Design, materials, and procedure

Each participant completed a comprehension-based localizer task for the language network (Fedorenko et al. 2010) and a critical language production experiment. All but one participant (in Experiment 1) additionally completed a localizer task for the domain-general multiple demand (MD) network (Duncan 2010, 2013). Because the MD network has been shown to be generally sensitive to task difficulty across domains (e.g. Duncan and Owen 2000; Fedorenko et al. 2013; Hugdahl et al. 2015; Shashidhara et al. 2019; Assem et al. 2020), activity levels therein can be used to determine the relative difficulty levels of the different production conditions, to aid the interpretation of the results. Some participants also completed one or more tasks for unrelated studies. The scanning sessions lasted approximately 2 h.

Language network localizer

The regions of the language network were localized using a task described in detail in Fedorenko et al. (2010) and subsequent studies from the Fedorenko lab (the task is available for download from https://evlab.mit.edu/funcloc/). Briefly, participants silently read sentences and lists of unconnected, pronounceable nonwords in a blocked design. The sentences > nonwords contrast targets brain regions that that support high-level language comprehension. This contrast generalizes across tasks (e.g. Fedorenko et al. 2010; Scott et al. 2017; Ivanova et al. 2020) and presentation modalities (reading vs. listening; e.g. Fedorenko et al. 2010; Scott et al. 2017; Chen et al. 2021; Malik-Moraleda et al. 2022). All the regions identified by this contrast show sensitivity to lexico-semantic processing (e.g. stronger responses to real words than nonwords) and combinatorial semantic and syntactic processing (e.g. stronger responses to sentences and Jabberwocky sentences than to unstructured word and nonword lists) (e.g. Fedorenko et al. 2010, 2016, 2020; Fedorenko, Nieto-Castañon, and Kanwisher 2012; Blank et al. 2016; Shain et al. 2021). More recent work further shows that these regions are also sensitive to sub-lexical regularities (Regev et al. 2021), in line with the idea that this system stores our linguistic knowledge, which encompasses regularities across representational grains, from phonological and morphological schemas to words and constructions (e.g. Jackendoff and Audring 2019; Jackendoff 2002).

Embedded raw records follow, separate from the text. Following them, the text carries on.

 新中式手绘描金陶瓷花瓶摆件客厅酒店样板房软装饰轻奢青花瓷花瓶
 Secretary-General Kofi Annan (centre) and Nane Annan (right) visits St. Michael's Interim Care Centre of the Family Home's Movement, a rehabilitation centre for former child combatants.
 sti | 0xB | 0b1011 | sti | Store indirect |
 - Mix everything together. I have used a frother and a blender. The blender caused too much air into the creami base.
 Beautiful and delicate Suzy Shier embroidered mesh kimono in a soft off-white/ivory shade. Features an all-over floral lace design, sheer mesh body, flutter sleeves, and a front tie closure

Stimuli were presented one word/nonword at a time at the rate of 350–450 ms (differing slightly between variants of the localizer; Supplementary Table SI-1) per word/nonword. Participants read the materials passively and performed either a simple button-press or a memory probe task at the end of each trial, which were included in order to help participants remain alert. The memory probe required the participant to indicate whether a given word was from the sentence/list of nonwords they had just read. Each participant completed 2 ~6 min runs. In Experiments 1 and 3, all participants completed the language localizer in the same session as the production experiment. In Experiment 2, 8 participants completed the language localizer in the same session as the production experiment and the remaining 4 participants completed the language localizer in an earlier scanning session (see Mahowald and Fedorenko 2016 and Braga et al. 2020 for evidence of high across-session reliability of the activation patterns).

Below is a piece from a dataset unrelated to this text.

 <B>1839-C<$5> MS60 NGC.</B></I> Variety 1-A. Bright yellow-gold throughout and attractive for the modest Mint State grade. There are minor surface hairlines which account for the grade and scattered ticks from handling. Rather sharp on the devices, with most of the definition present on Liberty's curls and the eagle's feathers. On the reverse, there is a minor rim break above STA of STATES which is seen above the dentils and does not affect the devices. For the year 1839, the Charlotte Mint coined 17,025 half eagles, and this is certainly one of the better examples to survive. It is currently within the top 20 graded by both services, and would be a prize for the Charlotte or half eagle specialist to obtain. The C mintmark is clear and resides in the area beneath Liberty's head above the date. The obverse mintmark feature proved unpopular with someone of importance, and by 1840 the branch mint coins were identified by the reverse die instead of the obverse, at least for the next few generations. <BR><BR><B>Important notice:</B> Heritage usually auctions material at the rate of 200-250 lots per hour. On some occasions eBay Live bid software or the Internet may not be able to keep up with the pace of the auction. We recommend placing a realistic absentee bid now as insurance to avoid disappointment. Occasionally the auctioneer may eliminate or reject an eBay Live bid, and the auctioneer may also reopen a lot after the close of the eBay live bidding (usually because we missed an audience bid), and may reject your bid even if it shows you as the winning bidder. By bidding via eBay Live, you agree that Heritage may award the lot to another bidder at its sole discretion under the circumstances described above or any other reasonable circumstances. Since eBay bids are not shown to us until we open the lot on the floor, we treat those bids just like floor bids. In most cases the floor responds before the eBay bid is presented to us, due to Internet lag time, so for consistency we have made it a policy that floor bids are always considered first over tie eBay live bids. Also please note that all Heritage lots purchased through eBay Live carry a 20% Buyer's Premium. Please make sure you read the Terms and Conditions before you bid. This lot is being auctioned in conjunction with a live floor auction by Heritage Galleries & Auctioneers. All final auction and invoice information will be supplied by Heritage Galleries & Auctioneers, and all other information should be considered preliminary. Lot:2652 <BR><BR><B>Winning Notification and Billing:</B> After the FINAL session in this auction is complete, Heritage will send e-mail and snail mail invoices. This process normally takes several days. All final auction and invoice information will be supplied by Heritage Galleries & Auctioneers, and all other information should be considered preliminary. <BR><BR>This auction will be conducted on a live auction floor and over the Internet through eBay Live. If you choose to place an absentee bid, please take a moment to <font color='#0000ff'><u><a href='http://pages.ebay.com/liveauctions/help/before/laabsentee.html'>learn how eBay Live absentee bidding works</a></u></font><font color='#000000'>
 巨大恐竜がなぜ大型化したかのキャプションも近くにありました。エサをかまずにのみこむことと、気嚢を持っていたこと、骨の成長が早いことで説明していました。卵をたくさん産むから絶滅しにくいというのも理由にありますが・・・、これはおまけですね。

Multiple demand network localizer

The regions of the MD network (Duncan 2010; Duncan et al. 2020) were localized using a spatial working memory task contrasting a harder condition with an easier condition (e.g. Fedorenko et al. 2011, 2013; Blank et al. 2014). The hard > easy contrast targets brain regions engaged in cognitively demanding tasks. Fedorenko et al. (2013) have established that the regions activated by this task are also activated by a wide range of other demanding tasks (see also Duncan and Owen 2000; Hugdahl et al. 2015; Shashidhara et al. 2019; Assem et al. 2020).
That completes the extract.